■ **Exercise details**: From the first line of the data below through the line holding "울창한 숲 속, 계곡", output each line exactly and leave the pictures out.

Material to process below:

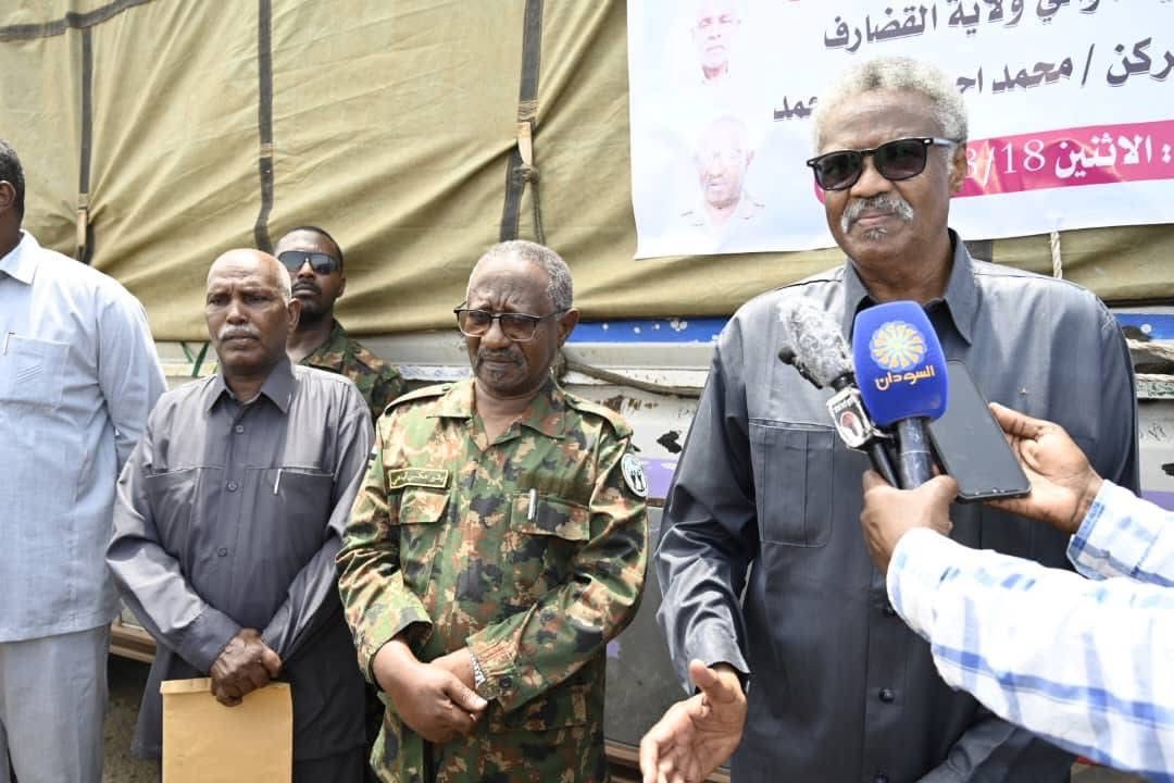 وكان في وداع القافلة بامانة الحكومة والي القضارف المكلف الفريق الركن محمد احمد حسن والفريق الركن بشير مكي الباهي رئيس المقاومة الشعبية بالبلاد بجانب رئيس المقاومة بالولاية واعضاء حكومة وأمن الولاية وعدد من القيادات .
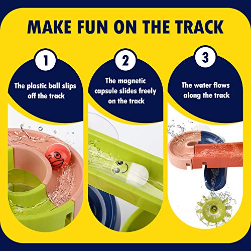 【Giocattolo interattivo per bambini】 Il giocattolo da bagno fai-da-te ha un'orbita di aspirazione con il rullo, la palla correrà seguendo l'orbita, renderà il tempo del bagno dei tuoi bambini interattivo e divertente, ottimi giocattoli per far giocare i bambini nella vasca da bagno o in piscina.
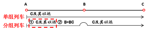 单组列车是指 全部由到达列车终到站及其以远的车辆编组而成;车辆可能混编,也可能按某些特定要求分组;编组内容在列车到达终到站以前不变。 如下图所示的线路,单组列车,就是列车终到站是C站,列车中的车辆全部是由终到站C站及其以远组成,这个列车在到达C站前编组内容是不会发生变化的。
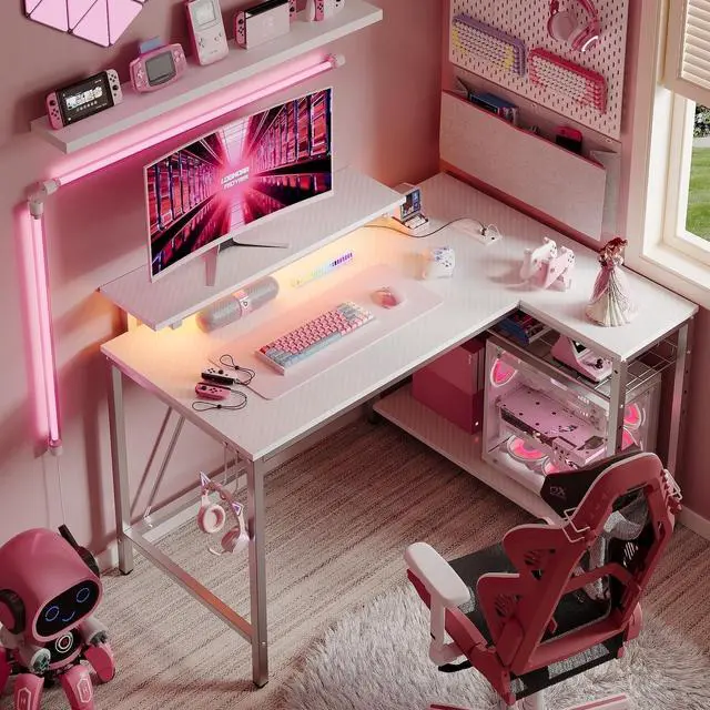 LED Light Strips: Equipped with RGB light strips featuring 7 basic colors and 20 dynamic modes, this desk creates an immersive gaming or office environment.
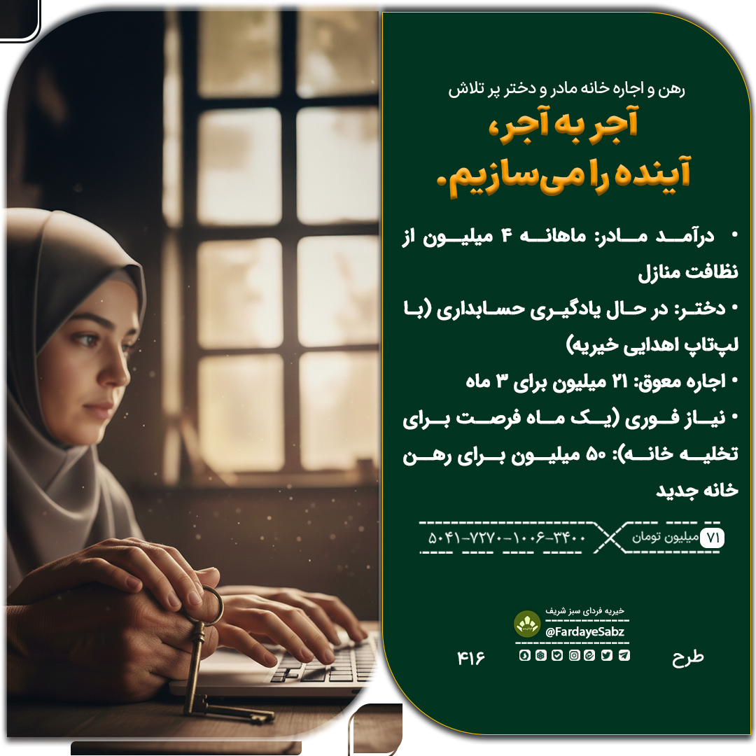 "کل مبلغ رهنی که داریم فقط ۱۵ میلیون تومان است و دیگر توان اجاره خانه جدیدی را نداریم. از وقتی صاحبخانه مستأجر جدید آورده، آرامش از ما گرفته شده است. یادم نمیرود دخترم زنگ زد و ماجرا را گفت، از شدت استرس قلبش درد میکرد. هر دو دختر دانشآموزم گریه میکنند و از بیخانمانی میترسند. برای اجاره یک خانه ارزان نیازمند کمک فوری هستیم."
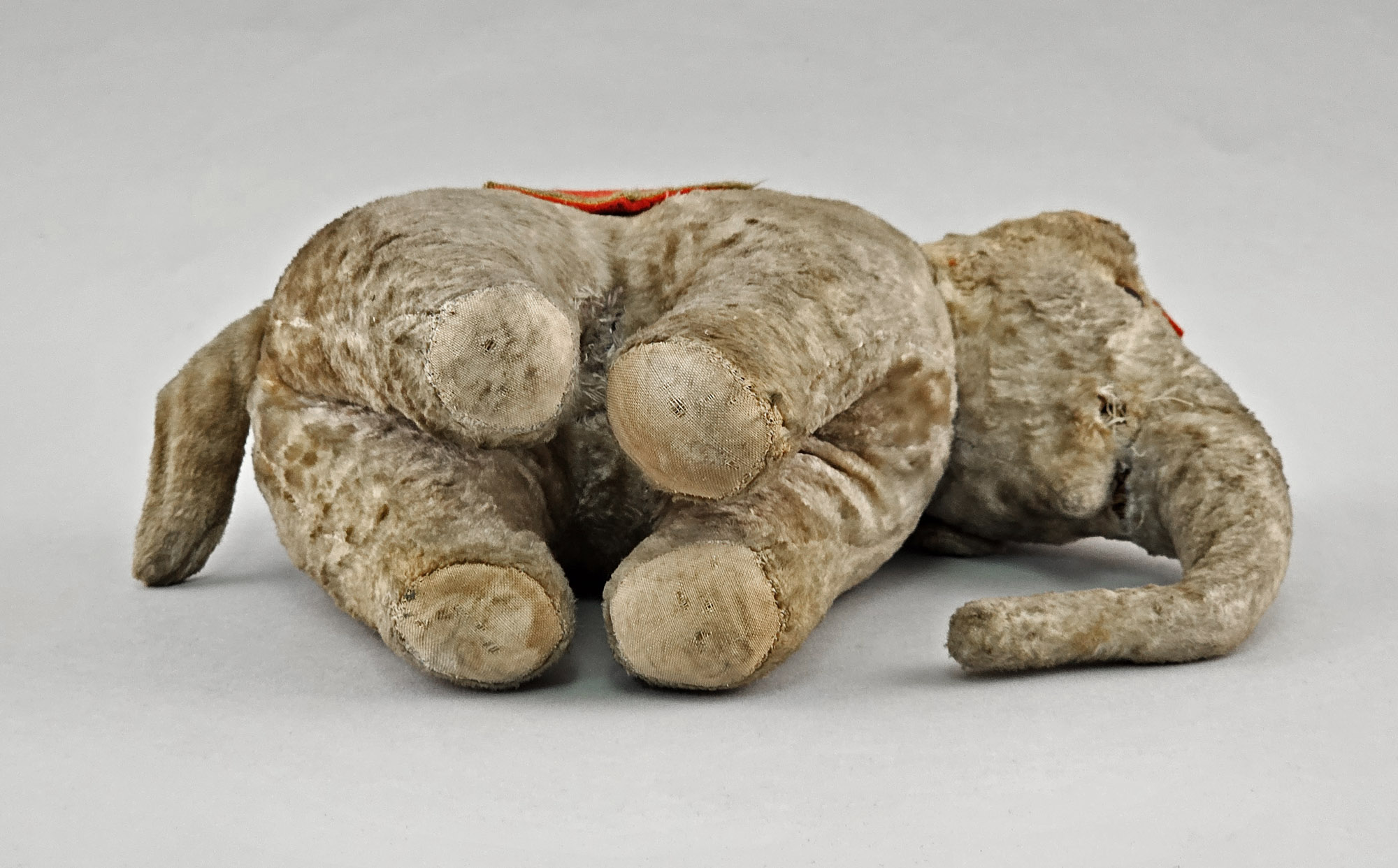 alt, Holzwolle gestopft, kurzes Mohairfell, Filzdecke, Glasaugen, keine Stoßzähne, ein Ohr fehlt, Fehlstellen, bespielt, 25x10x21cm
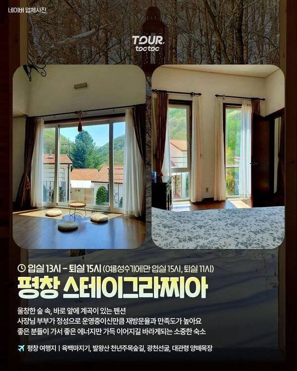울창한 숲 속, 계곡 앞에 자리안 자연 속 펜션 평창 스테이그라찌아입니다. 평소에는 오후 1시 입실, 오후 3시 퇴실로 무려 26시간동안 펜션에 머무를 수 있는 곳인데요. 여름 성수기에 한하여 오후 3시 입실, 오전 11시 퇴실로 운영되니 예약 시 참고하시길 바랍니다.
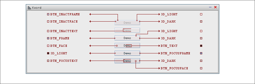 Button - цвета для кнопок. ![]() Button имеет два основных состояния (активное и неактивное) и одно вспомогательное (активное в фокусе курсора). Исполнение допускается как с использованием элементов придания трехмерности, так и без них. Допускается отрисовка как в виде прямоугольника, так и без крайних угловых пикселей. 1 BTN_INACTFACE - Фон неактивной кнопки. 2 BTN_INACTFRAME - Цвет рамки неактивной кнопки. 3 BTN_INACTTEXT - Цвет текста неактивной кнопки. 4 BTN_FACE - Фон активной кнопки. 5 BTN_FRAME - Цвет рамки кнопки. 6 BTN_TEXT - Цвет текста кнопки. 7 BTN_FOCUSFACE - Фон кнопки при наведении. 8 BTN_FOCUSFRAME - Цвет рамки кнопки при наведении. 9 BTN_FOCUSTEXT - Цвет текста кнопки при наведении. 10 3D_LIGHT - Световая обводка 3D. 11 3D_DARK - Теневая обводка 3D. |
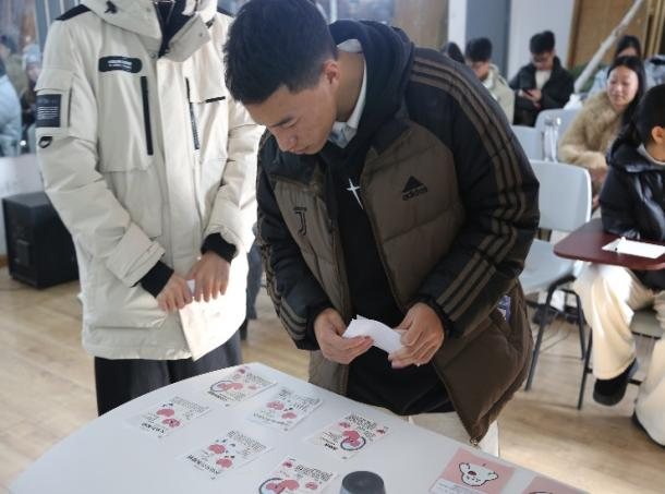 活动设有“情绪接龙赛”和“心理能量连连看”两大核心环节。“心理能量连连看”巧妙地将抑郁症、焦虑症等心理议题设计成“问题牌”与“方法牌”,参与者通过猜拳对战进行匹配,在欢乐竞技中轻松掌握了专业的心理知识。“情绪接龙赛”则采用4人小组“画+话”接力的形式,同学们依次用图案、建议和鼓励语共同完成作品,使个人情绪在坦诚分享中转化为群体共鸣,营造出松弛治愈的交流氛围。
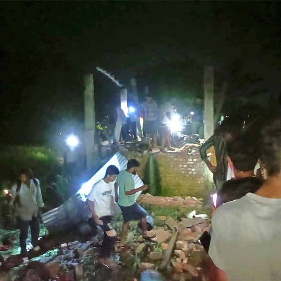 অযোধ্যার পাগলা ভারি গ্রামের ঘটনা। বৃহস্পতিবার রাতে আচমকা সেখানে বিস্ফোরণ ঘটে। তীব্র শব্দে কেঁপে ওঠে চারপাশ। কিন্তু ঠিক কী থেকে বিস্ফোরণ, তা এখনও স্পষ্ট নয়। সার্কেল অফিসার শৈলেন্দ্র সিংহ সংবাদ সংস্থা পিটিআইকে জানিয়েছেন, ধ্বংসস্তূপে অনেকে আটকে পড়েছেন। পাঁচ জনের দেহ উদ্ধার করা হয়েছে। কয়েক জন আহত, তাঁদের হাসপাতালে ভর্তি করানো হয়েছে। কী কারণে এই বিস্ফোরণ, তা জানা যায়নি।
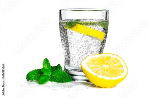 A refreshing drink with lemon, mint, and sparkling water, perfect for a hot day.

End of Material to process.

■ **Response for this exercise**:
 وكان في وداع القافلة بامانة الحكومة والي القضارف المكلف الفريق الركن محمد احمد حسن والفريق الركن بشير مكي الباهي رئيس المقاومة الشعبية بالبلاد بجانب رئيس المقاومة بالولاية واعضاء حكومة وأمن الولاية وعدد من القيادات .
 【Giocattolo interattivo per bambini】 Il giocattolo da bagno fai-da-te ha un'orbita di aspirazione con il rullo, la palla correrà seguendo l'orbita, renderà il tempo del bagno dei tuoi bambini interattivo e divertente, ottimi giocattoli per far giocare i bambini nella vasca da bagno o in piscina.
 单组列车是指 全部由到达列车终到站及其以远的车辆编组而成;车辆可能混编,也可能按某些特定要求分组;编组内容在列车到达终到站以前不变。 如下图所示的线路,单组列车,就是列车终到站是C站,列车中的车辆全部是由终到站C站及其以远组成,这个列车在到达C站前编组内容是不会发生变化的。
 LED Light Strips: Equipped with RGB light strips featuring 7 basic colors and 20 dynamic modes, this desk creates an immersive gaming or office environment.
 "کل مبلغ رهنی که داریم فقط ۱۵ میلیون تومان است و دیگر توان اجاره خانه جدیدی را نداریم. از وقتی صاحبخانه مستأجر جدید آورده، آرامش از ما گرفته شده است. یادم نمیرود دخترم زنگ زد و ماجرا را گفت، از شدت استرس قلبش درد میکرد. هر دو دختر دانشآموزم گریه میکنند و از بیخانمانی میترسند. برای اجاره یک خانه ارزان نیازمند کمک فوری هستیم."
 alt, Holzwolle gestopft, kurzes Mohairfell, Filzdecke, Glasaugen, keine Stoßzähne, ein Ohr fehlt, Fehlstellen, bespielt, 25x10x21cm
울창한 숲 속, 계곡 앞에 자리안 자연 속 펜션 평창 스테이그라찌아입니다. 평소에는 오후 1시 입실, 오후 3시 퇴실로 무려 26시간동안 펜션에 머무를 수 있는 곳인데요. 여름 성수기에 한하여 오후 3시 입실, 오전 11시 퇴실로 운영되니 예약 시 참고하시길 바랍니다.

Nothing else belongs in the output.